Quote word for word the lines starting at the line with "Stylish women's blouse" and ending at the final line of the entries. Leave out any pictures.

### Task inputs ###

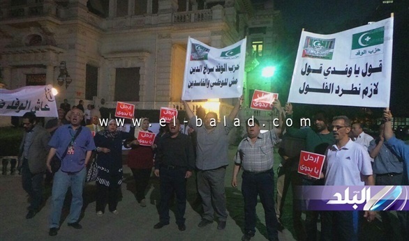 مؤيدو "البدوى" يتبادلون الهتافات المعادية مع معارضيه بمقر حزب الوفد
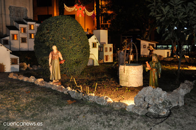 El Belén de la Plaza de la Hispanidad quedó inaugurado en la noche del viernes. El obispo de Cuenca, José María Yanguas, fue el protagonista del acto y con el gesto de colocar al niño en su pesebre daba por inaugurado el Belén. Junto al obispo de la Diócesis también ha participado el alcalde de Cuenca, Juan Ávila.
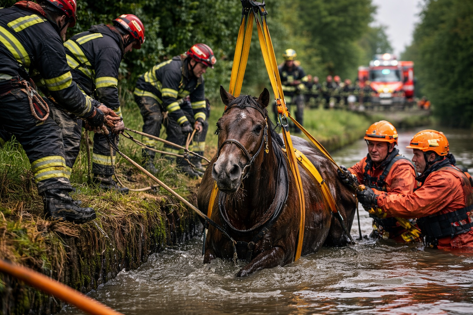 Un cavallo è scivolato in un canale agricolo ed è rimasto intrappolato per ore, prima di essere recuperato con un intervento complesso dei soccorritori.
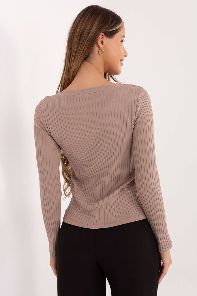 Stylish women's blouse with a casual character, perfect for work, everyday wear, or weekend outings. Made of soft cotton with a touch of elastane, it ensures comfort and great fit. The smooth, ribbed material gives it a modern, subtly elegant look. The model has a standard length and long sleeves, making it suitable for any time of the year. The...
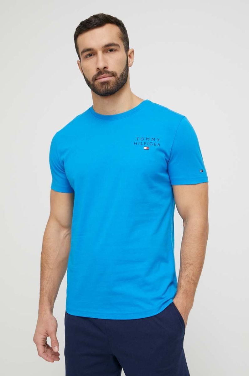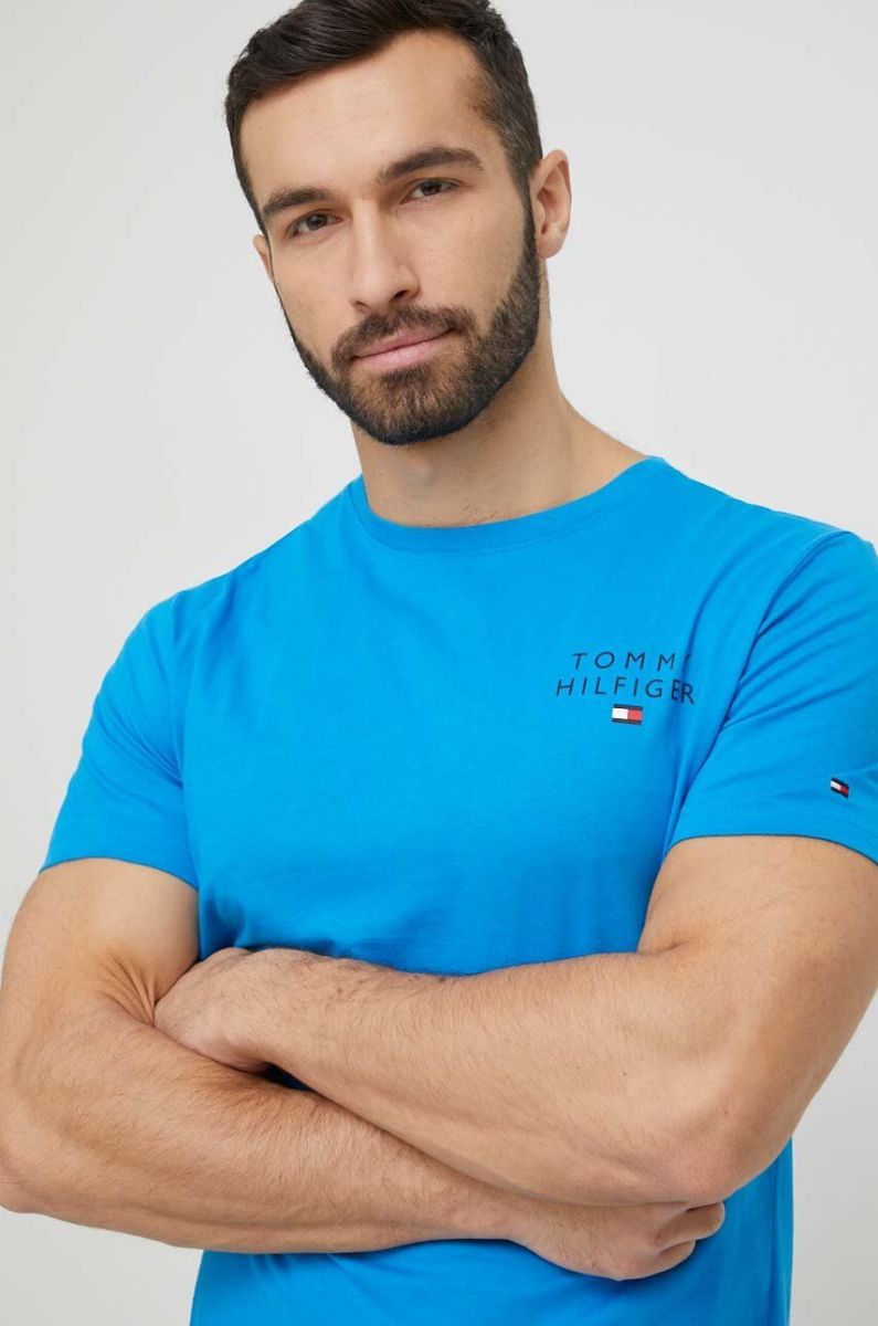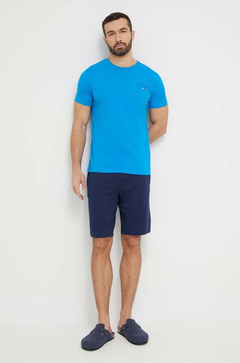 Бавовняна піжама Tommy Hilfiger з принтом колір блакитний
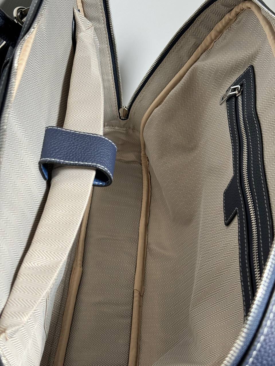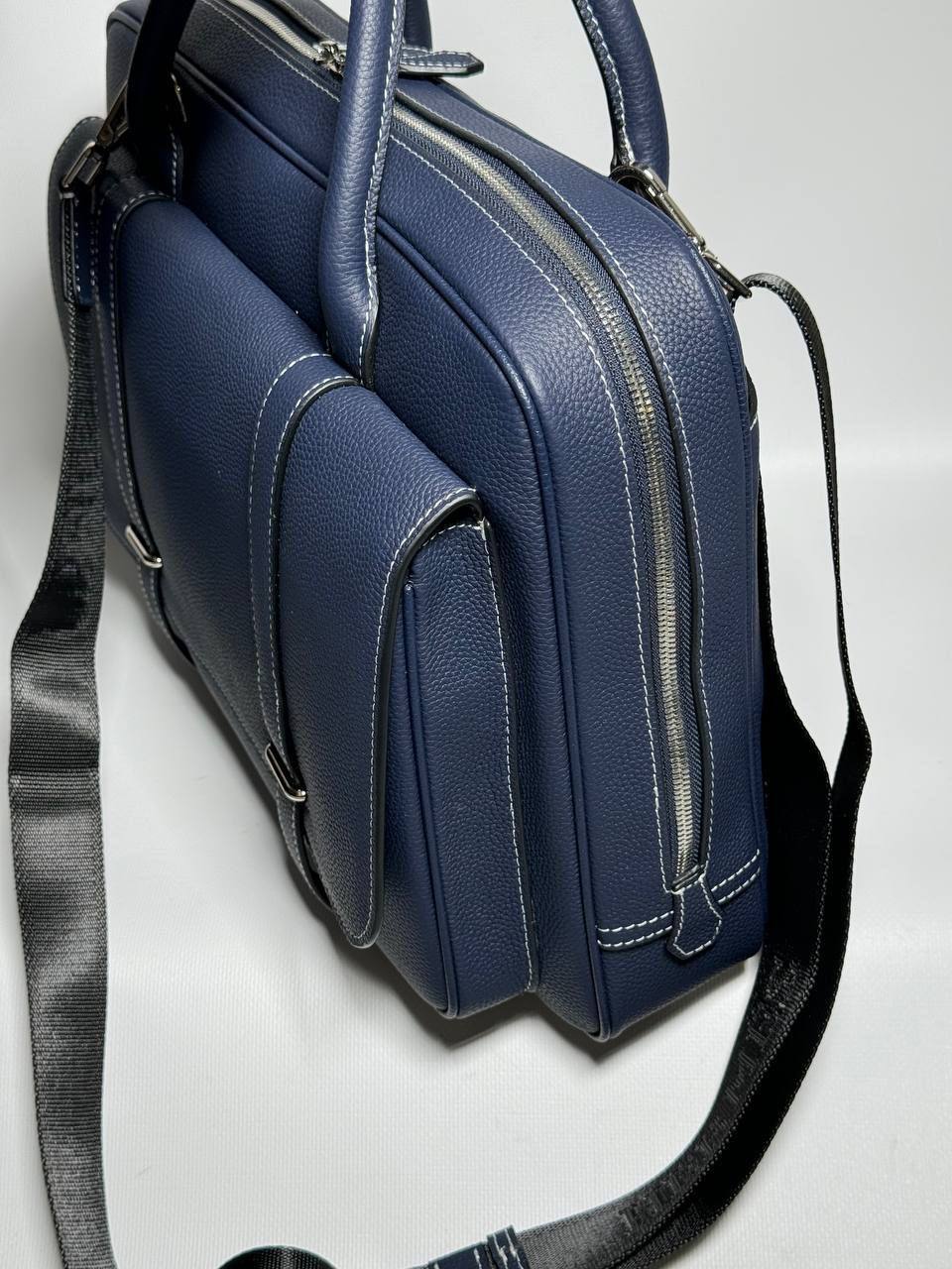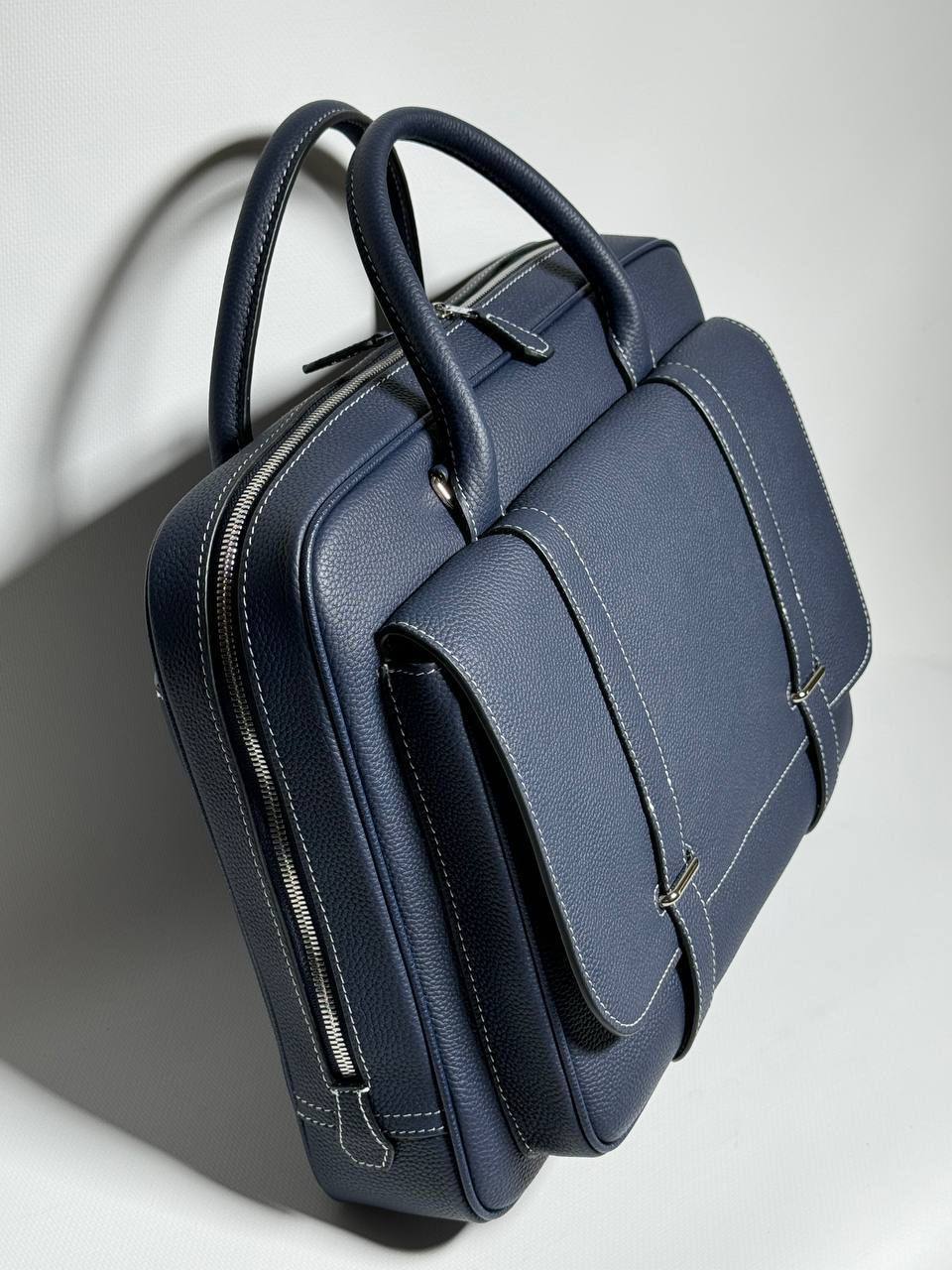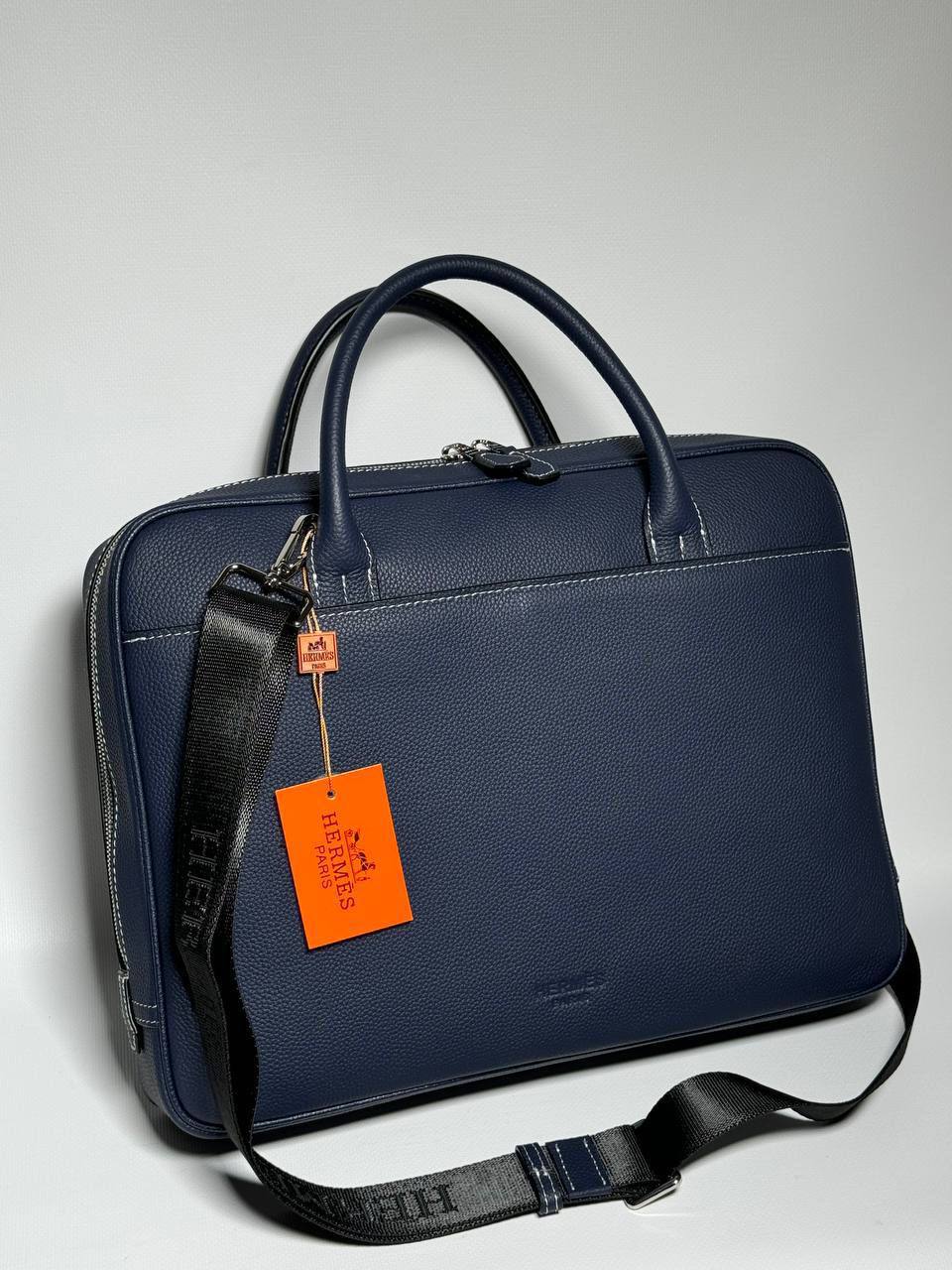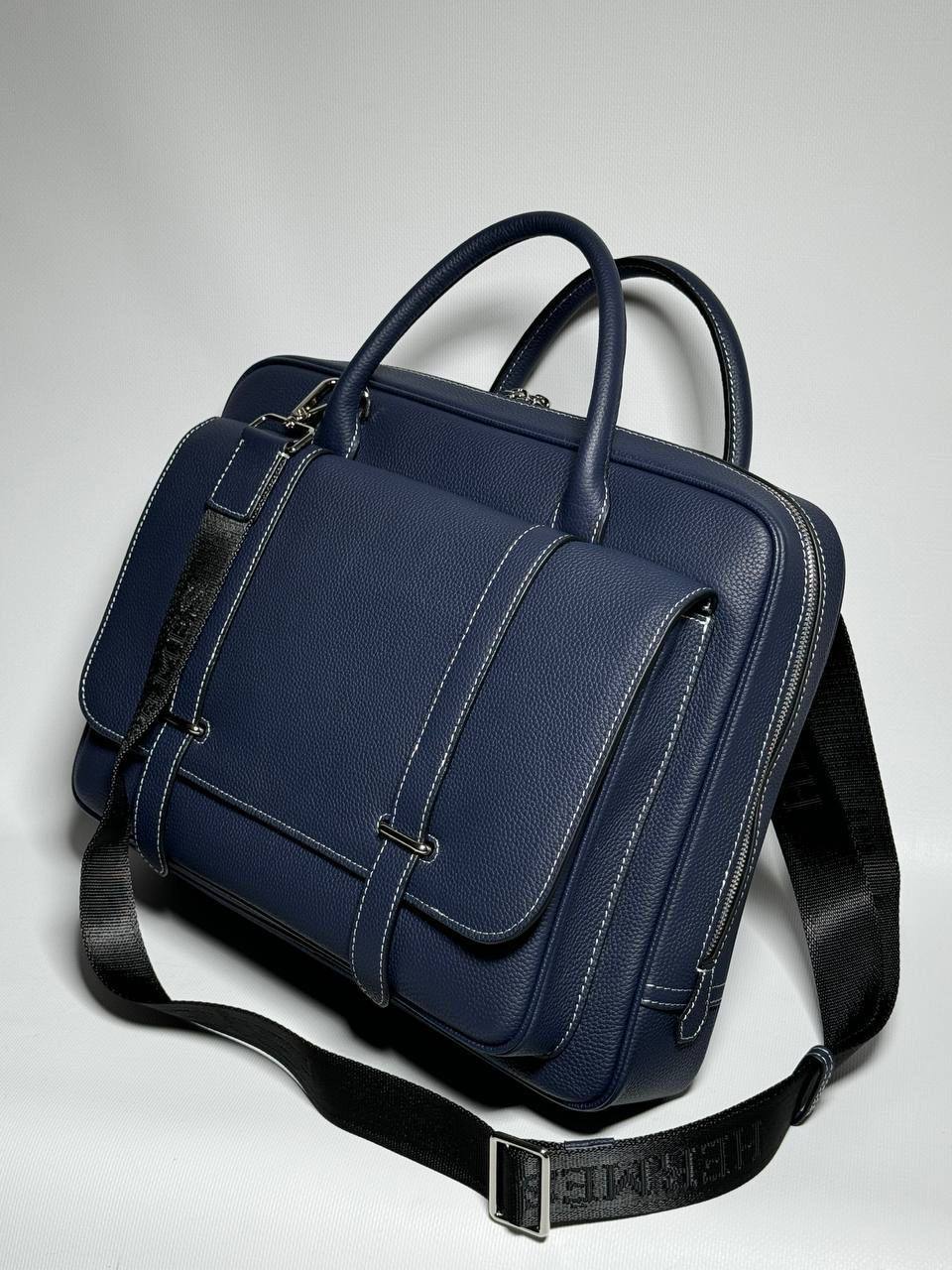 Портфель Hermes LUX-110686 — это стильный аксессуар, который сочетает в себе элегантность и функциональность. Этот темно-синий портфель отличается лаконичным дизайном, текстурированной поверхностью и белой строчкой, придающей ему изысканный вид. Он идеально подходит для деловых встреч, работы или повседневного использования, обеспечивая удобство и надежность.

###

## Result of this task
 Stylish women's blouse with a casual character, perfect for work, everyday wear, or weekend outings. Made of soft cotton with a touch of elastane, it ensures comfort and great fit. The smooth, ribbed material gives it a modern, subtly elegant look. The model has a standard length and long sleeves, making it suitable for any time of the year. The...
 Бавовняна піжама Tommy Hilfiger з принтом колір блакитний
 Портфель Hermes LUX-110686 — это стильный аксессуар, который сочетает в себе элегантность и функциональность. Этот темно-синий портфель отличается лаконичным дизайном, текстурированной поверхностью и белой строчкой, придающей ему изысканный вид. Он идеально подходит для деловых встреч, работы или повседневного использования, обеспечивая удобство и надежность.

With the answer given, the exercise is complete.